Hay en él documentos tan interesantes como las palabras preliminares para lo que pudo ser una edición de sus canciones, musicadas por ilustres maestros de la época, o los argumentos de dos comedias, o una égloga que quedó inédita en vida del autor y que publicó, tres siglos más tarde, Manuel Machado, el gran poeta, descendiente del que fue propietario del códice, don Agustín Durán.

Frente a un genio como Shakesperare, del que apenas conservamos alguna firma, de Lope ha llegado a nosotros un amplio legado autógrafo: cuarenta y cuatro comedias (entre ellas, obras maestras como «La dama boba» o «El castigo sin venganza»); un generoso e indiscreto epistolario, que nos permite conocer increíbles pormenores de su vida íntima; y tres códices poéticos que ya están en las manos y ante los ojos de los investigadores: el «Códice Durán-Masaveu», el «Códice Daza» (disponible en la página web de la Biblioteca Nacional) y el «Códice Pidal», cuyo único testimonio localizado (las fotografías del original preparadas en los momentos anteriores a la Guerra Civil de 1936) se encuentra en la Universidad de Castilla-La Mancha.

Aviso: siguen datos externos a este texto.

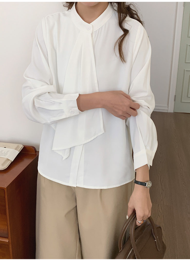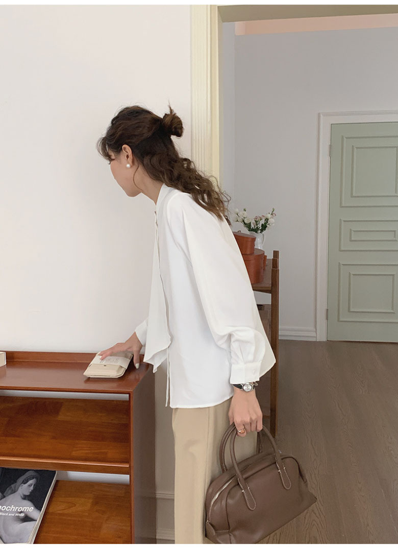 シアースリーブ ドッキングシャツ ボウタイシャツブラウス
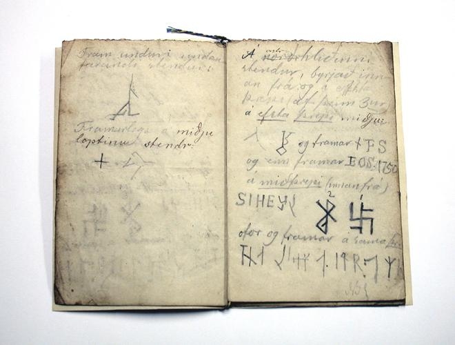 blaði stendur: Isländsk handskrift. Teikningarnar af rúnunum og
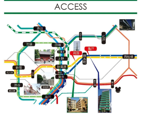 学校距离龟户车站徒步7分钟,有名的龟户神社和香取神社就在附近,前往羽田机场和成田机场也很方便。
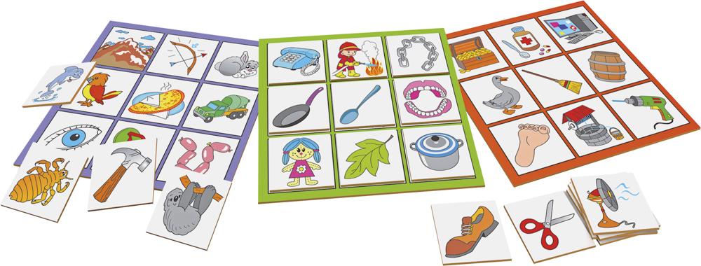 Descritivo detalhado: Confeccionado em M.D.F., 30 peças, composto por: 3 cartelas medindo 21 x 21 cm; 27 peças para sorteio, medindo 6 x 6 cm, serigrafadas com tinta ultravioleta atóxica. Embalagem: Caixa de madeira com tampa serigrafada medindo 24 x 24 x 3,5 cm. Lacrada com película de P.V.C. encolhível.
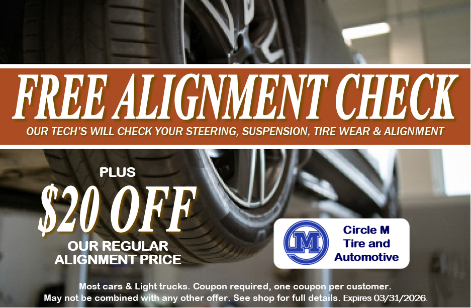 Circle M Tire & Automotive believes in bringing the best value possible to our Bakersfield community and residents, and that’s why we feature regular deals to help you get the auto repairs and fleet maintenance you need. Don’t wait on these deals, they only last for a limited time, and we rotate them often; reserve your spot today and meet the ASE-Certified auto mechanics that make it all happen.
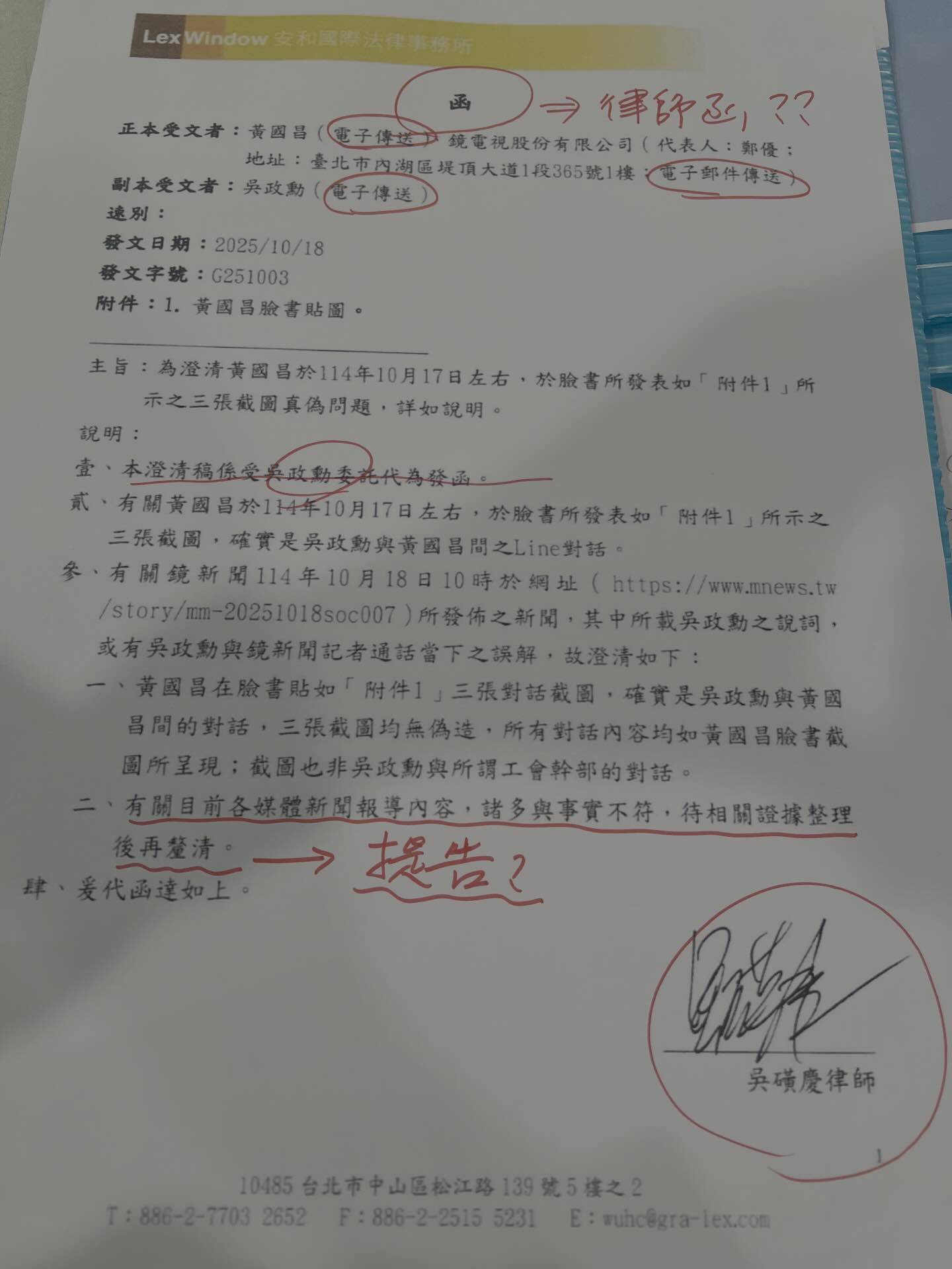 噓 copycat603: 這是吳男律師函 乾黃國昌屁事33F 36.231.166.250 台灣 10/21 11:11
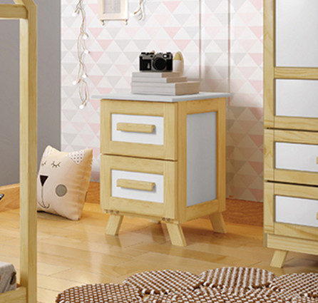 Super versátil, compacto e pratico. Ideal para quem gosta de comodidade, o criado Jequié Kids, faz parte da linha infantil da Rodmoveis é produzida com madeira reflorestada (pinus) e HDF, pintura interno e externo UV, com 02 gavetas, possui corrediças metálicas, puxadores e pé em madeira maciça. Que tal adquirir para compor o quarto de seu filho ou filha?!?
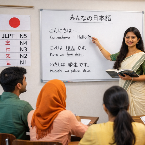 As a trusted Japanese language institute in North Kerala, our training focuses on grammar, vocabulary, reading, listening, and real-life conversation practice. Students preparing for JLPT exams or Japan work visa (SSW) requirements receive regular mock tests, previous question papers, and exam-focused strategies to ensure success. Our JLPT coaching in Kannur and Kasaragod is delivered by certified trainers with personalized guidance and progress tracking.
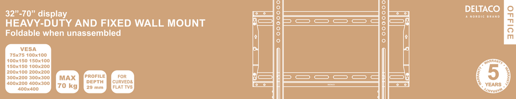 DELTACO OFFICE Fixerat väggfäste, vikbart, 32"-70", 70 kg, svart
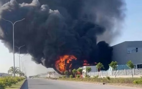 Một vụ cháy xảy ra tại khu vực tập kết phế liệu của một công ty ở địa bàn phường Đông Hải, TP Hải Phòng.
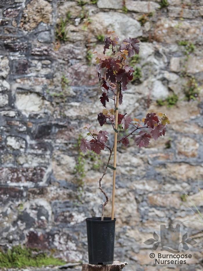 Rounded, three- to five-lobed, toothed leaves to 15cm (6in) long, grey-hairy at first turning plum-purple, then dark purple in autumn.
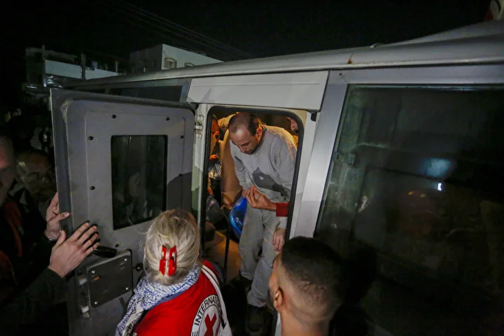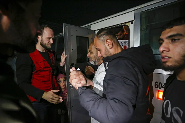 İsrail tarafından Gazze'de tutuklanan bir grup Filistinli esir, serbest bırakılmalarının ardından Kızılhaç'a ait araçlarla Karam Ebu Salim Sınır Kapısı'ndan geçerek Deyr Belah kentine getirildi. Serbest bırakılan Filistinliler, sağlık kontrolü için Aksa Şehitleri Hastanesi'ne nakledildi.
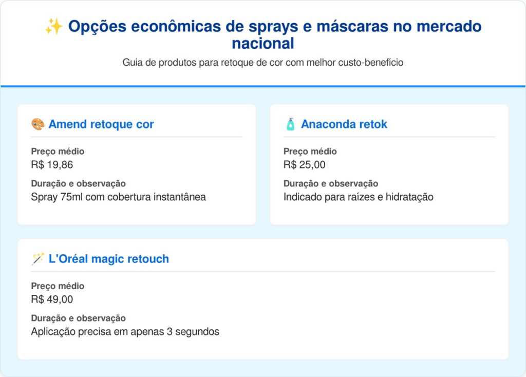 Em março de 2026, o mercado brasileiro oferece diversas opções acessíveis em farmácias, com valores entre R$ 20,00 e R$ 50,00. Esses produtos são ideais para cobrir a raiz aparente ou mechas localizadas, custando uma fração do valor de uma coloração profissional permanente.
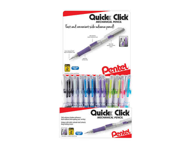 The Pentel Quick Click Mechanical pencil comes equipped with a quick click side-advance button to advance lead without interrupting writing. A slide extends and retracts extra-long latex-free eraser designed to avoid smudging and ghosting. The comfortable latex-free grip provides support for hours of writing.
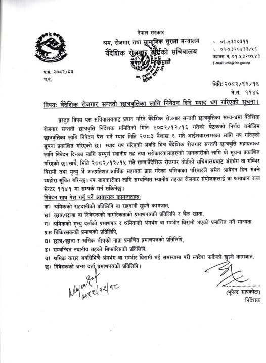 वैदेशिक रोजगार सन्तती छात्रवृत्तिका लागि निवेदन दिने म्याद थप गरिएको सूचना ।
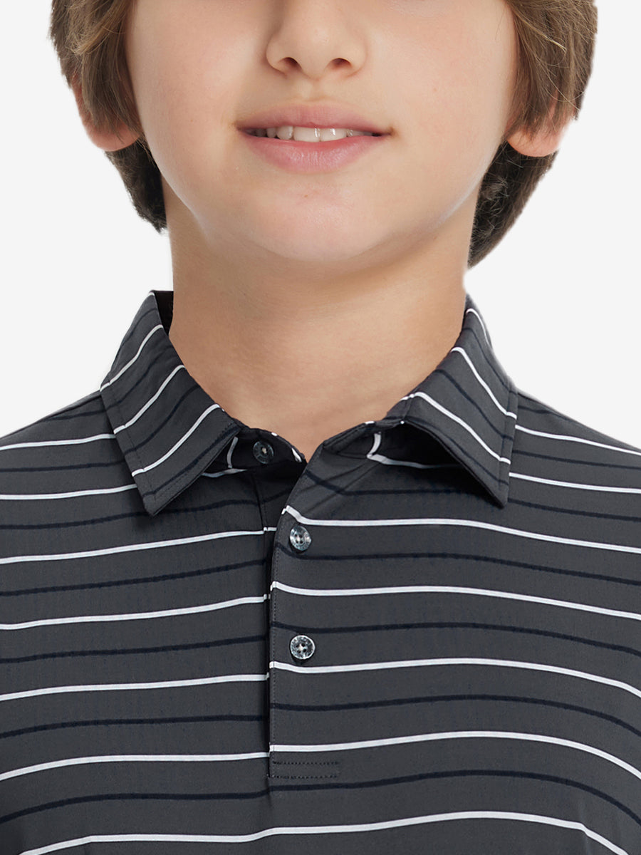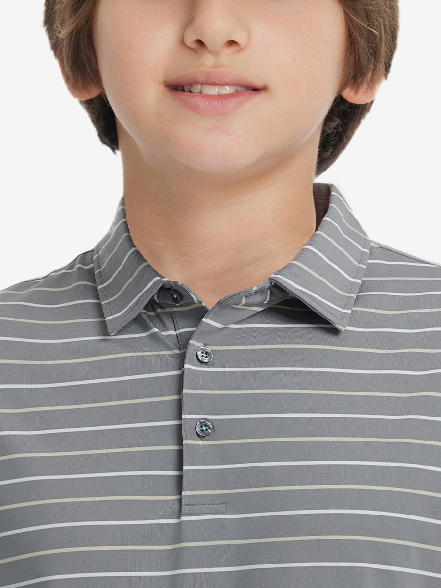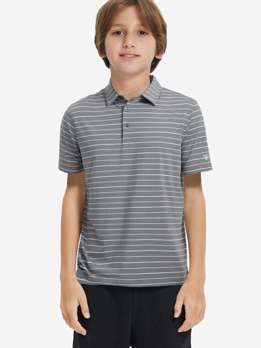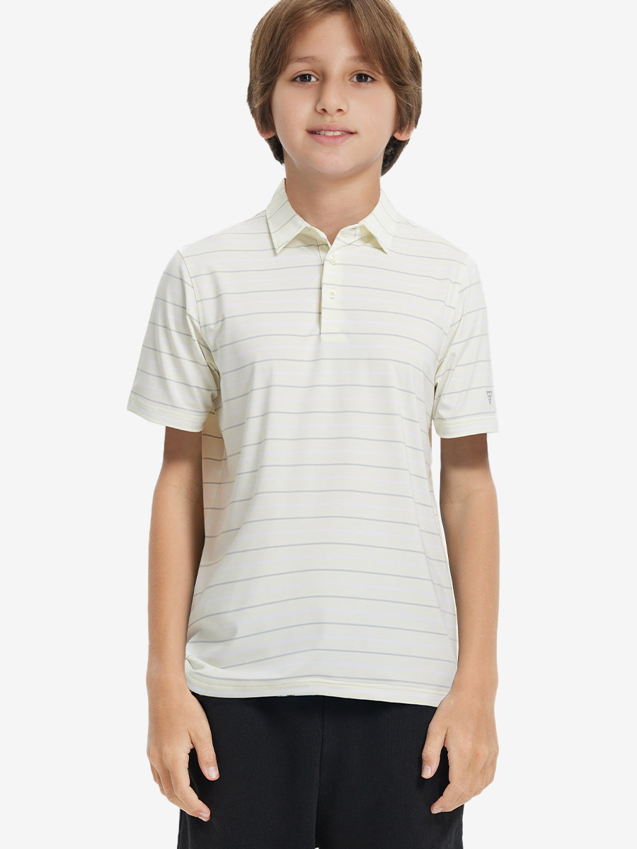 Presentamos nuestras camisas polo a rayas elegantes para niños. Confeccionadas con poliéster y elastano de alta gama, estas camisetas suaves, agradables para la piel y ligeras mantienen a tus pequeños frescos y secos en climas cálidos. Con tejido elástico en 4 direcciones y teñido de primera calidad, esta vibrante camiseta de golf juvenil se mantiene duradera lavado tras lavado, perfecta para niños activos a los que les encanta jugar.
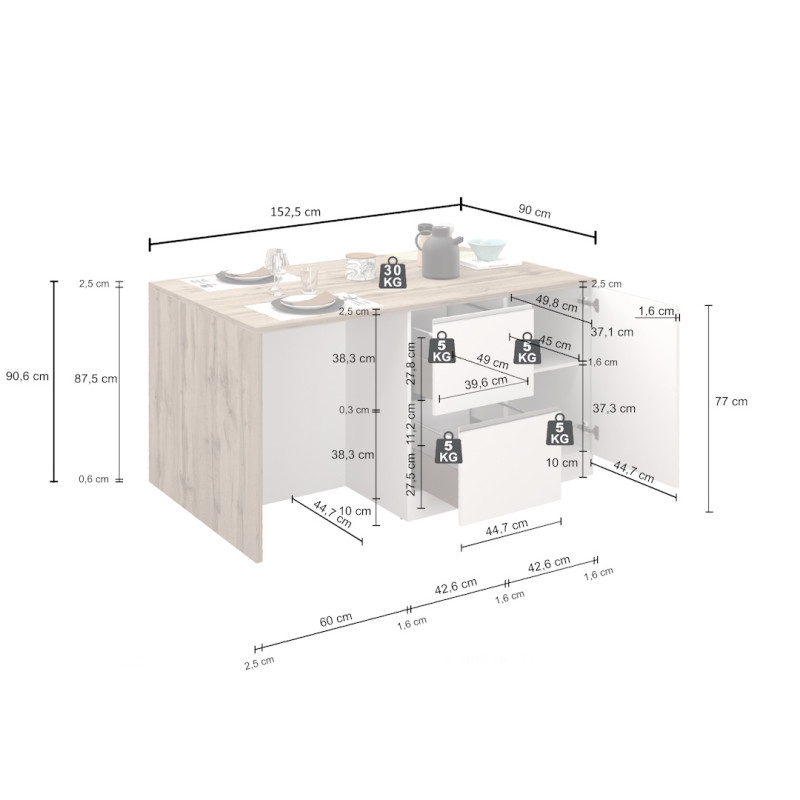 Pensé pour les cuisines ouvertes et les intérieurs modernes, cet îlot de cuisine central signé Deladeco allie esthétisme soigné et fonctionnalité au quotidien. Fabriqué en Italie avec des panneaux de particules mélaminés de première qualité (16 et 25 mm), il affiche une robustesse à toute épreuve tout en conservant une silhouette élégante. Ses dimensions généreuses — 153 cm de longueur, 90 cm de hauteur et 90 cm de profondeur — en font un véritable centre névralgique de votre cuisine, idéal pour préparer vos repas, recevoir vos proches ou organiser votre espace avec style. Sa finition blanc brillant associée aux accents chêne wotan lui confère un caractère bicolore contemporain qui s'adapte aussi bien aux intérieurs épurés qu'aux décors chaleureux.
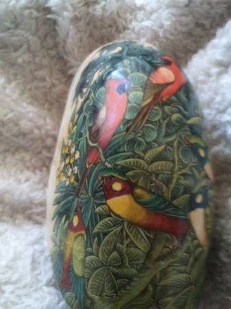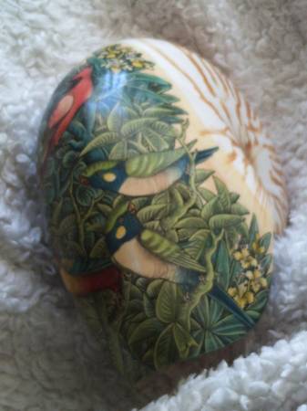 BEAUTIFUL PIECE OF ART! ACTUAL NAUTILUS SHELL WITH BIRDS PAINTED ON IT (CARDINAL, PARROTS, ETC)
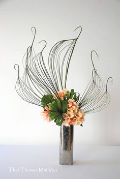 ③ 折/折叠——把一些长茎花材或者类似的辅助材料,折叠成各种几何图形应用于造型中,可以扩大空间,增加层次感、活跃感。

Con los nuevos materiales, podremos editar con mayor precisión y rigor las obras del Fénix. Con ellos se abre la posibilidad de entrar en el apasionante taller del viejo poeta, extremadamente rico y variado, irónico, distante, culto y popular. Del códice Durán/Masaveu se puede decir lo que se decía en su tiempo de cualquier cosa excelente: «¡Es de Lope!».